Я села в кровати и потянулась к ночнику. Неяркий свет разогнал призраков над головой, но отбросил пугающие тени на стены. Одежда была вся мокрой от холодного липкого пота, видимо, я металась во сне. Деталей кошмара я уже не помнила, и интуиция подсказывала, что оно и к лучшему.
Я привстала и едва не вскрикнула: в ногах, свернувшись калачиком, дрых монстр. Чуть позже я опознала в монстре потешно сопевшую Айю, но было уже поздно: сердечный приступ определенно замаячил на горизонте и пообещал вернуться попозже. Давно я так не пугалась…
Я осторожно, чтобы не разбудить Айю, выскользнула из постели и скрылась в ванной. С удовольствием содрала с себя одежду и встала под теплые струи душа. Вода стекала по коже, смывала пот, уносила ночной кошмар и затягивала душевные раны. Подставляя лицо колким водным иголочкам, я ловила капли ртом и с каждой минутой все отчетливее понимала: ничего страшного не произошло. Все позади. Бояться нечего.
Я намылила мочалку какой-то вкусно пахнущей жидкостью и начала тереть себя. Поначалу ожесточенно, будто сдирая кожу, а затем все спокойнее. Не сразу, но поняла: я и без того чистая, мне не от чего отмываться.
Дайс прав. У меня не было выбора.
Воспоминания о Дайсе заставили улыбнуться.
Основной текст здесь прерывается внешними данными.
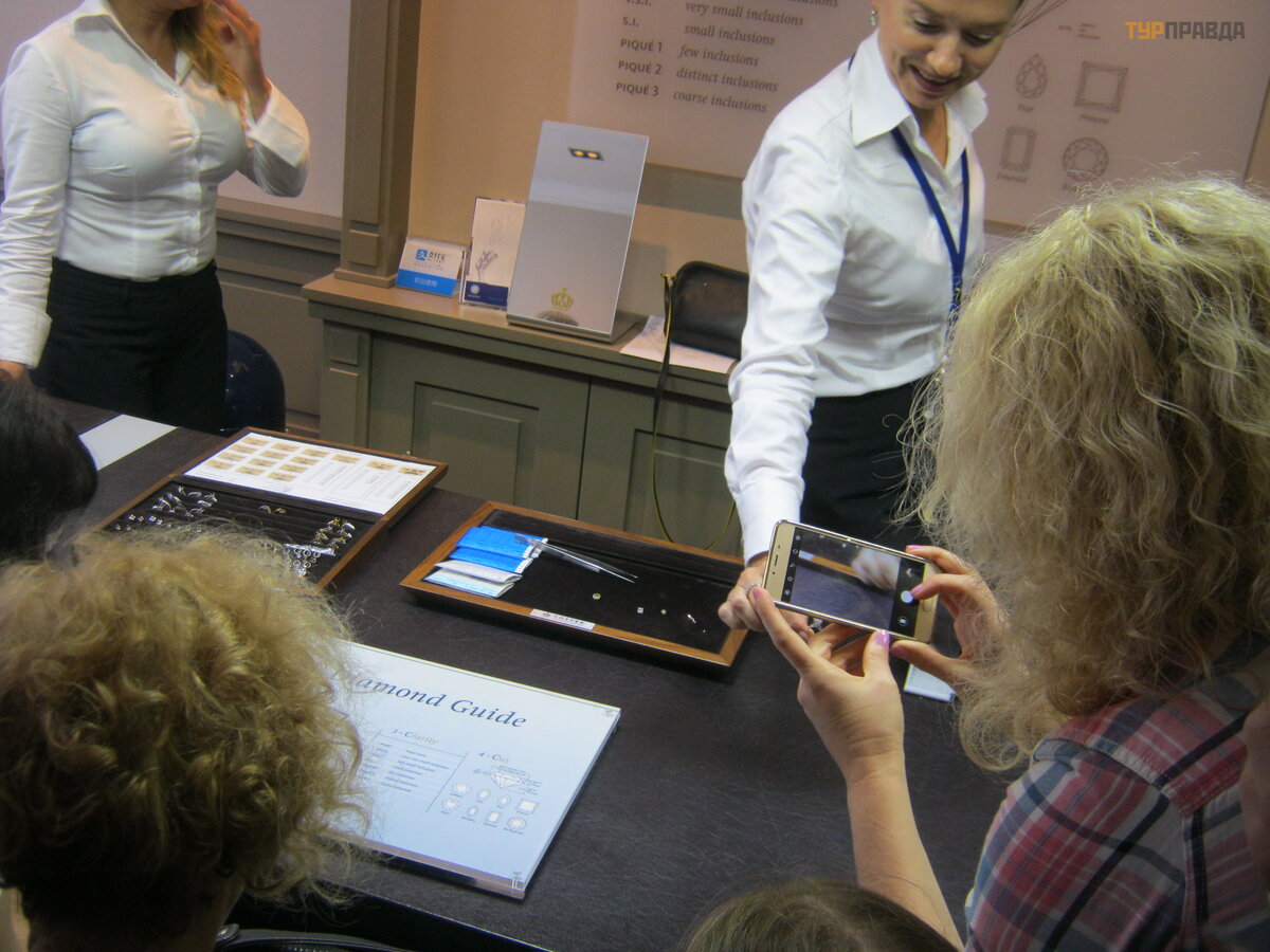 The most inexpensive pebble starts from 240 euros and its weight is not even measured in carats! After a short master class on diamond processing, our group is taken to a separate room, where they take out a variety of pebbles, both separately and in products. Some products are quite affordable: for example, a watch with one small diamond costs 100 euros. But the best part, especially for women, is that all jewelry is measured, no matter how much money you have in your pocket. Such is the publicity stunt! Our group has really hung out there! Many, it turns out, like to measure!

Впервые я встретила человека, настолько самоотверженного, внимательного, заботливого. Ведь не бросил меня, проводил в отель, да еще и подумал о мерах предосторожности вроде плащей с капюшонами. Безропотно сидел со мной в ожидании Айю и бровью не повел при виде моей истерики. Он…
Я запнулась. Слишком много определений подходило ему. В карусели мельтешащих слов я выцепила то, что согрело сильнее прочих: надежный. Да, Дайс именно такой – надежный.
Я ослабила напор, а затем и вовсе выключила воду. Ступила мокрыми ногами на мягкий коврик, вытерлась полотенцем и запахнула длинный, безразмерный халат. Чуть подсушила волосы и на цыпочках вернулась в спальню, где на ощупь стянула нетбук и все так же бесшумно проскользнула в гостиную.
Четыре пятьдесят пять. Понятно, почему Айю спит так крепко – самое сладкое время для сна.
Я присела на диван, поджав босые ноги к груди и держа в руках нетбук. В голове звенела пустота.
Собравшись с мыслями, я открыла крышку, активировала работу программы и вызвала Лиди. Подруга наверняка с ума сходит. Ее нужно успокоить.
Десять гудков подряд – и молчание. Ладно.
Я сбросила и вызвала снова. Разбудить Лиди я не боялась: учитывая разницу во времени, на Эрии как раз раннее утро.
Молчание.
Я нахмурилась. Возможно, собирается на работу и не слышит? Вызову еще раз.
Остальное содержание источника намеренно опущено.